The dreaming days I passed under the sighing pines on the Ouachita’s
shores; the new clearing, the block-house, our faithful black
servant, the forest deer, and the exuberant life I led, were
all well remembered. And I remembered how one day, after we had
come to live near the Mississipi, I floated down, down, hundreds of
miles, with a wild fraternity of knurly giants, the boatmen of
the Mississipi, and how a dear old man welcomed me back, as if
from the grave. I remembered also my travels on foot through
sunny Spain, and France, with numberless adventures in Asia Minor,
among Kurdish nomads. I remembered the battlefields of America
and the stormy scenes of rampant war. I remembered gold mines,
and broad prairies, Indian councils, and much experience in the
new western lands. I remembered the shock it gave me to hear
after my return from a barbarous country of the calamity that
had overtaken the fond man whom I called father, and the hot
fitful life that followed it. Stop! ************
Dear me; is it the 21st of July? Yes, Shaw informed me that it
was the 21st of July after I recovered from my terrible attack
of fever; the true date was the 14th of July, but I was not
aware that I had jumped a week, until I met Dr. Livingstone.
We two together examined the Nautical Almanack, which I brought
with me. We found that the Doctor was three weeks out of his
reckoning, and to my great surprise I was also one week out,
or one week ahead of the actual date. The mistake was made by
my being informed that I had been two weeks sick, and as the day
I recovered my senses was Friday, and Shaw and the people were
morally sure that I was in bed two weeks, I dated it on my Diary
the 21st of July. However, on the tenth day after the first of my
illness, I was in excellent trim again, only, however, to see and
attend to Shaw, who was in turn taken sick. By the 22nd July
Shaw was recovered, then Selim was prostrated, and groaned in his
delirium for four days, but by the 28th we were all recovered, and
were beginning to brighten up at the prospect of a diversion in the
shape of a march upon Mirambo’s stronghold.
The morning of the 29th I had fifty men loaded with bales, beads,
and wire, for Ujiji. When they were mustered for the march
outside the tembe, the only man absent was Bombay. While men were
sent to search for him, others departed to get one more look, and
one more embrace with their black Delilahs. Bombay was found some
time about 2 P.M., his face faithfully depicting the contending
passions under which he was labouring—sorrow at parting from the
fleshpots of Unyanyembe—regret at parting from his Dulcinea of
Tabora—to be, bereft of all enjoyment now, nothing but
marches—hard, long marches—to go to the war—to be killed,
perhaps, Oh!
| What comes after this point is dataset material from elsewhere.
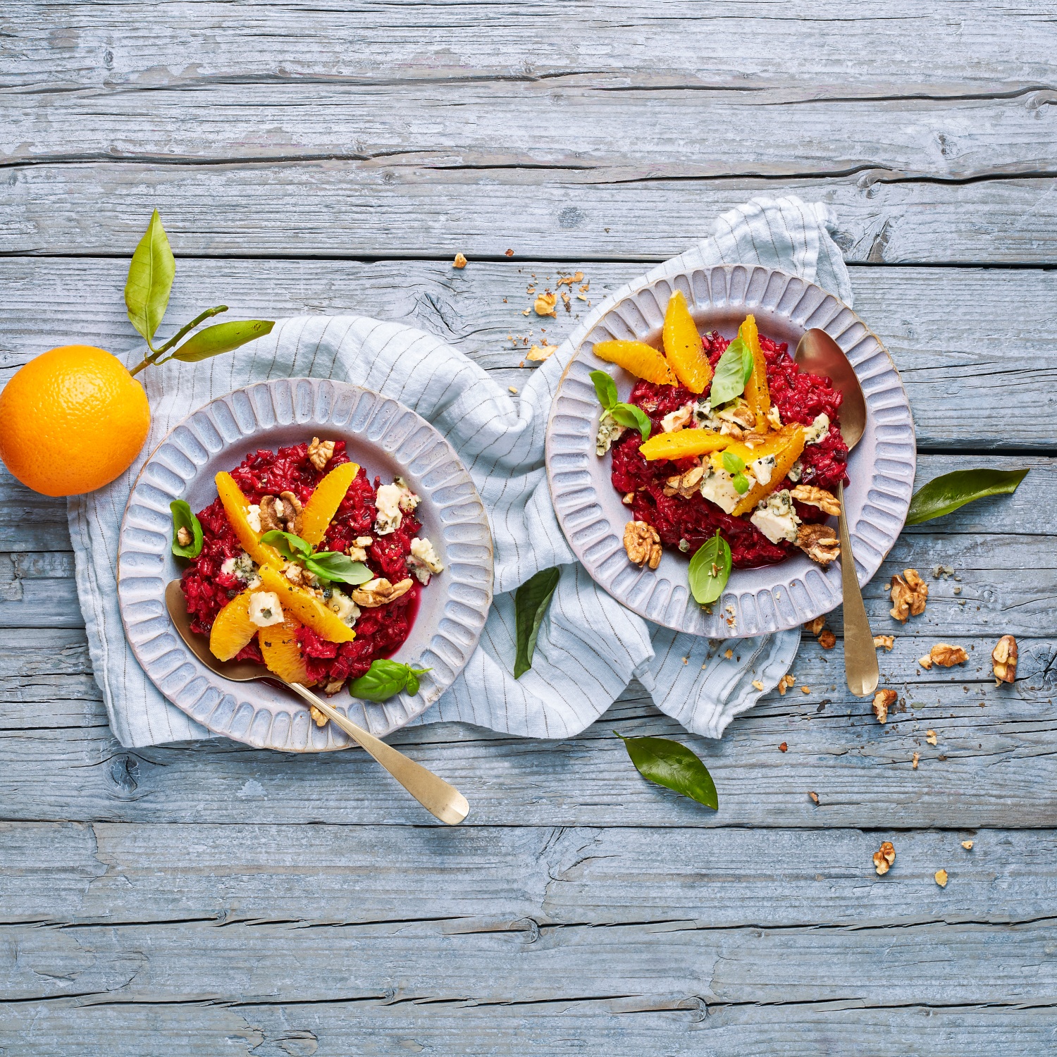 - Den Käse grob zerpflücken und zusammen mit den Orangen und den Walnüssen auf das angerichtete Rote Bete Risotto geben. Mit frischem Basilikum garnieren.

Inspired by such feelings, no wonder Bombay was
inclined to be pugnacious when I ordered him to his place, and I
was in a shocking bad temper for having been kept waiting from
8 A.M. to 2 P.M. for him. There was simply a word and a savage
look, and my cane was flying around Bombay’s shoulders, as if he
were to be annihilated. I fancy that the eager fury of my
onslaught broke his stubbornness more than anything else; for
before I had struck him a dozen times he was crying for “pardon.”
At that word I ceased belaboring him, for this was the first time
he had ever uttered that word. Bombay was conquered at last.